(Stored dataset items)
· · · ·

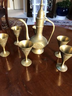 Copper Set Tea Vintage Etched And 6 Cups & Teapot Home $40Chesapeake, VA
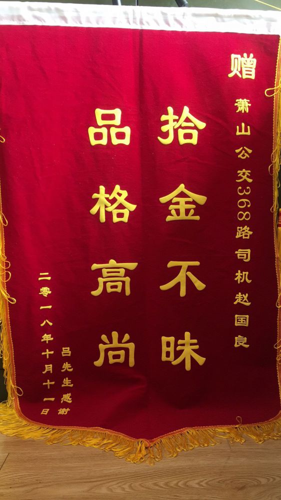 近日,萧山公交三车队驾驶员赵国良受到萧山电视台采访。原来,10月11日早上赵国良驾驶368路途经红门巷康顺路口时,发现斑马线上有一钱包,于是当即靠边停车,捡回钱包。经查,钱包内有大量现金、各类证件。考虑到可能是来医院看病的市民掉的,司机到站后立马上交给了车队管理人员,并通过派出所联系到了失主,领回了钱包。原来失主吕永涛正是前往浙二分院学习的医生,因当天上午手术紧急,一路小跑才不慎遗落钱包。吕先生对驾驶员这种拾金不昧、品格高尚的行为称赞不已,次日还特地送锦旗到车队以表示深深的感谢。
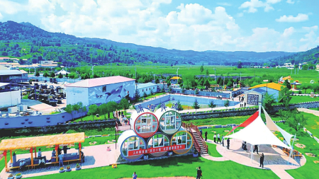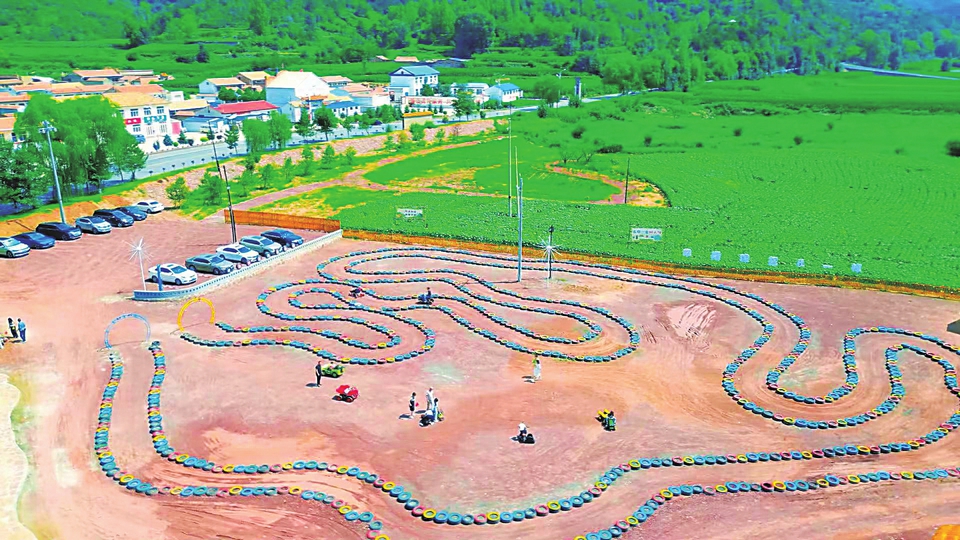 沿潇河源兴建的6000平方米主题文化公园尤为引人注目。在这里,自然造化与人文匠心完美交融,200株青松苍翠挺拔,9万株月季与各色草花编织成锦绣画卷,高大的水车悠悠转动,引得游人驻足沉醉。太阳能街灯如花朵般点缀其间,与露营区的袅袅炊烟、卡丁车场的跃动身影、向日葵田的金色波浪相映成趣,共同勾勒出一幅动静相宜的田园休闲图景。
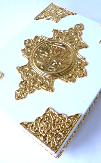 Grand Coffret de luxe blanc en bois pour Coran avec parties dorées fourni avec son Support doré - REF. 23482 (39.00 €)
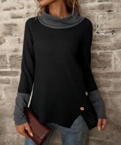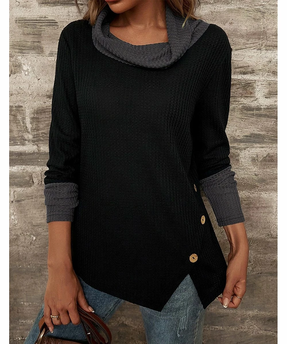 Long-sleeve top with a chic cowl neckline and a button-accent design.
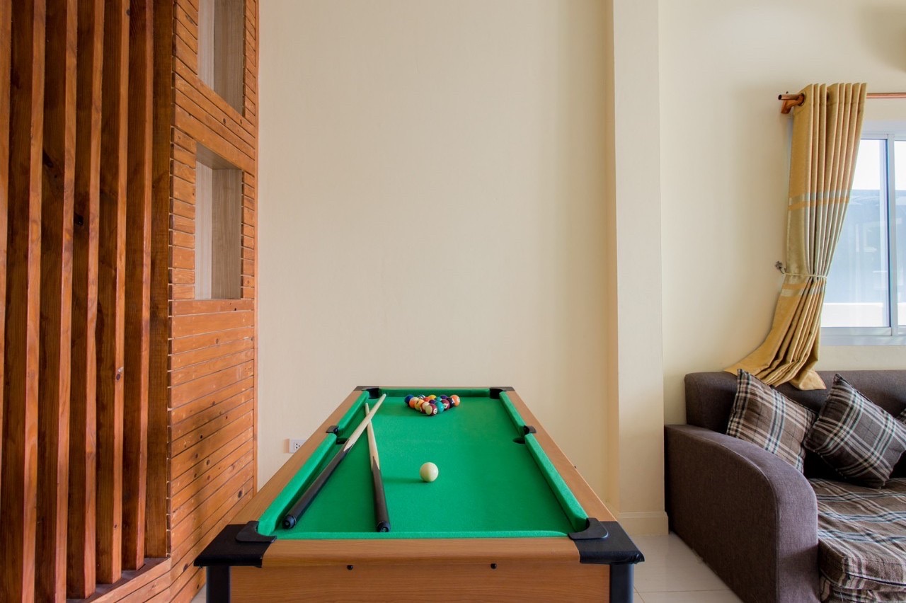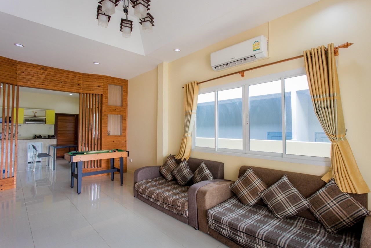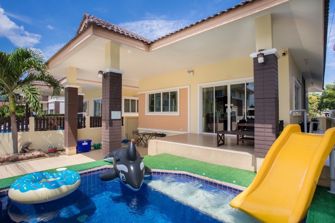 2 ห้องนอน (แอร์) 2 ห้องน้ำ 1 ห้องนั่งเล่น (แอร์) 1 ห้องครัวอุปกรณ์ครบครัน รองรับผู้เข้าพัก 8 คน คนเกินเพิ่มคนละ 350 บาท (พร้อมที่นอนเสริม) เสริมสูงสุด 12 คน วันธรรมดา-ศุกร์ราคาพิเศษ เพียง 2,990/ 4 ท่าน มีสระว่ายน้ำส่วนตัว ขนาด 3*6 เมตร สามารถเสียงดังได้ถึง 22.00 น. มีสิ่งอำนวยความสะดวกครบครัน ทีวี ตู้เย็น คาราโอเกะ อุปกรณ์เครื่องครัวครบชุด อุปกรณ์เครื่องใช้ส่วนตัวต้องเตรียมมาเอง เช่น ผ้าขนหนู แชมพู ยาสระผม (ห้ามนำสัตว์เลี้ยงเข้าพัก)
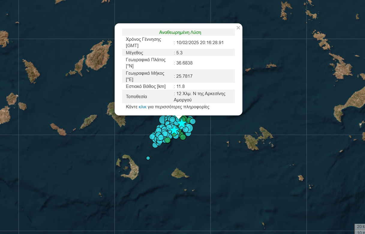 Στις 21:05 το βράδυ της Κυριακής, ο Εγκέλαδος χτύπησε με 5 Ρίχτερ στη θαλάσσια περιοχή, νοτιοδυτικά της Αμοργού, ενώ στις 13:23 το μεσημέρι της Δευτέρας (10/2), κατεγράφη δόνηση 4,9 βαθμών, που έγινε αισθητή και στην Αττική.
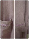 写真ではピンクのように見えますが、ピンクがかった紫と白の糸のミックス織りでひかりの具合でしろっぼくみえたりもします。
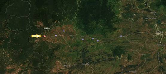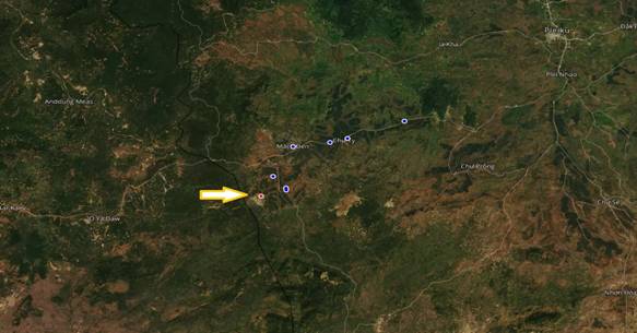 Remarks: The MPs were mainly found in Kroong commune. This group has cultivation activities in their residence places. on the map, the red dots represent the locations where MPs went to for cultivation following the yellow arrow.
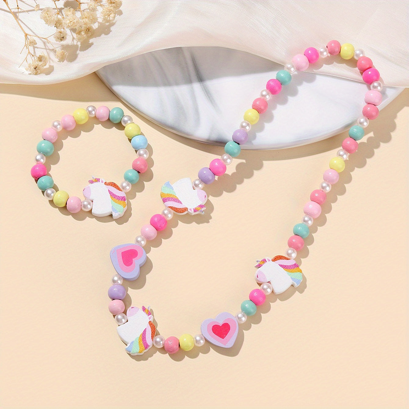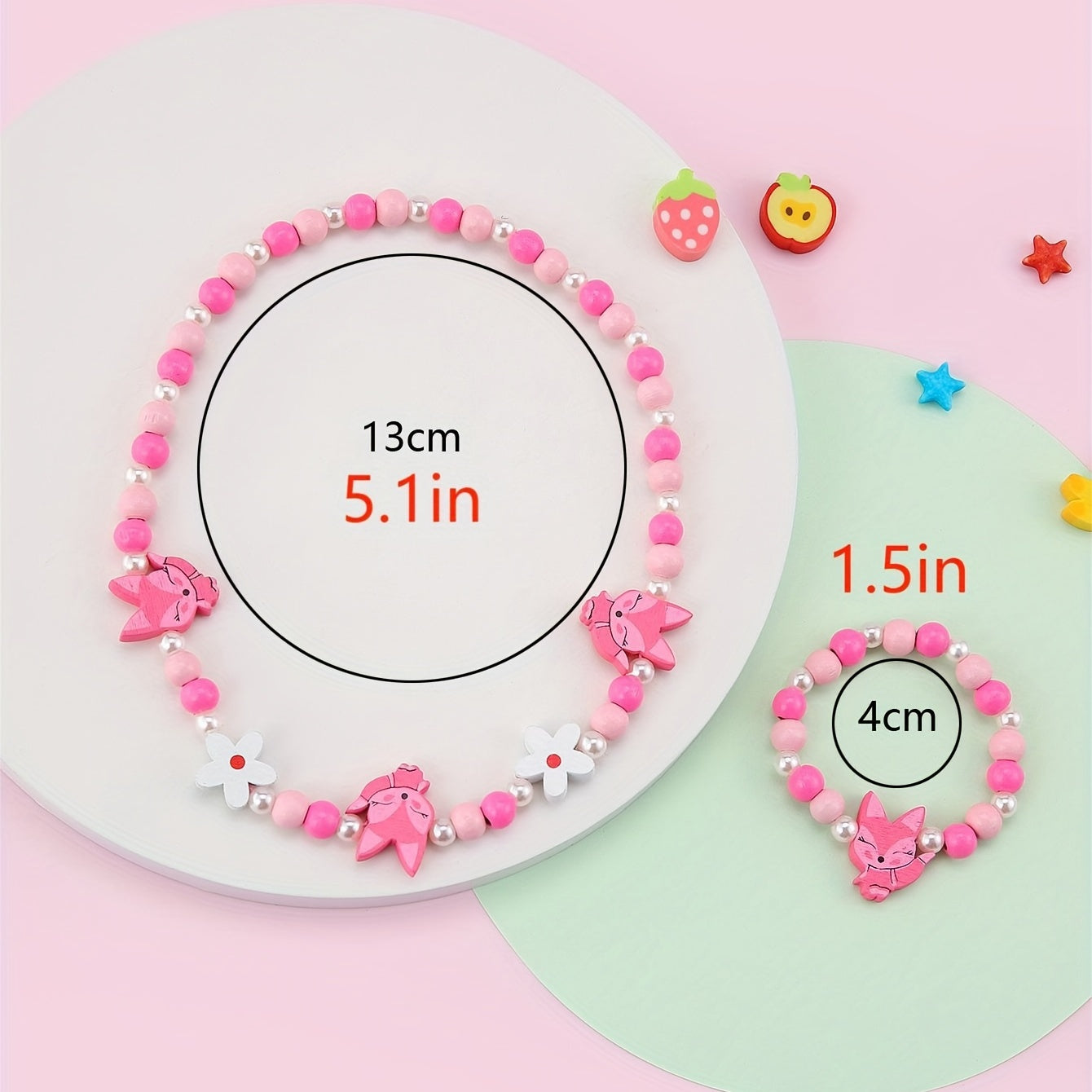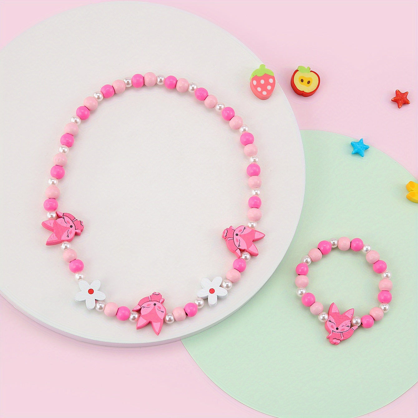 Add a touch of sweetness to your look with this pink wood fox flower beads necklace and bracelet set. Perfect for daily outfits or special occasions, this dainty accessory makes a great birthday gift for girls.

· · · ·

# Work order
Word for word, give the data above again, without any images.

# Reply to the exercise
 Copper Set Tea Vintage Etched And 6 Cups & Teapot Home $40Chesapeake, VA
 近日,萧山公交三车队驾驶员赵国良受到萧山电视台采访。原来,10月11日早上赵国良驾驶368路途经红门巷康顺路口时,发现斑马线上有一钱包,于是当即靠边停车,捡回钱包。经查,钱包内有大量现金、各类证件。考虑到可能是来医院看病的市民掉的,司机到站后立马上交给了车队管理人员,并通过派出所联系到了失主,领回了钱包。原来失主吕永涛正是前往浙二分院学习的医生,因当天上午手术紧急,一路小跑才不慎遗落钱包。吕先生对驾驶员这种拾金不昧、品格高尚的行为称赞不已,次日还特地送锦旗到车队以表示深深的感谢。
 沿潇河源兴建的6000平方米主题文化公园尤为引人注目。在这里,自然造化与人文匠心完美交融,200株青松苍翠挺拔,9万株月季与各色草花编织成锦绣画卷,高大的水车悠悠转动,引得游人驻足沉醉。太阳能街灯如花朵般点缀其间,与露营区的袅袅炊烟、卡丁车场的跃动身影、向日葵田的金色波浪相映成趣,共同勾勒出一幅动静相宜的田园休闲图景。
 Grand Coffret de luxe blanc en bois pour Coran avec parties dorées fourni avec son Support doré - REF. 23482 (39.00 €)
 Long-sleeve top with a chic cowl neckline and a button-accent design.
 2 ห้องนอน (แอร์) 2 ห้องน้ำ 1 ห้องนั่งเล่น (แอร์) 1 ห้องครัวอุปกรณ์ครบครัน รองรับผู้เข้าพัก 8 คน คนเกินเพิ่มคนละ 350 บาท (พร้อมที่นอนเสริม) เสริมสูงสุด 12 คน วันธรรมดา-ศุกร์ราคาพิเศษ เพียง 2,990/ 4 ท่าน มีสระว่ายน้ำส่วนตัว ขนาด 3*6 เมตร สามารถเสียงดังได้ถึง 22.00 น. มีสิ่งอำนวยความสะดวกครบครัน ทีวี ตู้เย็น คาราโอเกะ อุปกรณ์เครื่องครัวครบชุด อุปกรณ์เครื่องใช้ส่วนตัวต้องเตรียมมาเอง เช่น ผ้าขนหนู แชมพู ยาสระผม (ห้ามนำสัตว์เลี้ยงเข้าพัก)
 Στις 21:05 το βράδυ της Κυριακής, ο Εγκέλαδος χτύπησε με 5 Ρίχτερ στη θαλάσσια περιοχή, νοτιοδυτικά της Αμοργού, ενώ στις 13:23 το μεσημέρι της Δευτέρας (10/2), κατεγράφη δόνηση 4,9 βαθμών, που έγινε αισθητή και στην Αττική.
 写真ではピンクのように見えますが、ピンクがかった紫と白の糸のミックス織りでひかりの具合でしろっぼくみえたりもします。
 Remarks: The MPs were mainly found in Kroong commune. This group has cultivation activities in their residence places. on the map, the red dots represent the locations where MPs went to for cultivation following the yellow arrow.
 Add a touch of sweetness to your look with this pink wood fox flower beads necklace and bracelet set. Perfect for daily outfits or special occasions, this dainty accessory makes a great birthday gift for girls.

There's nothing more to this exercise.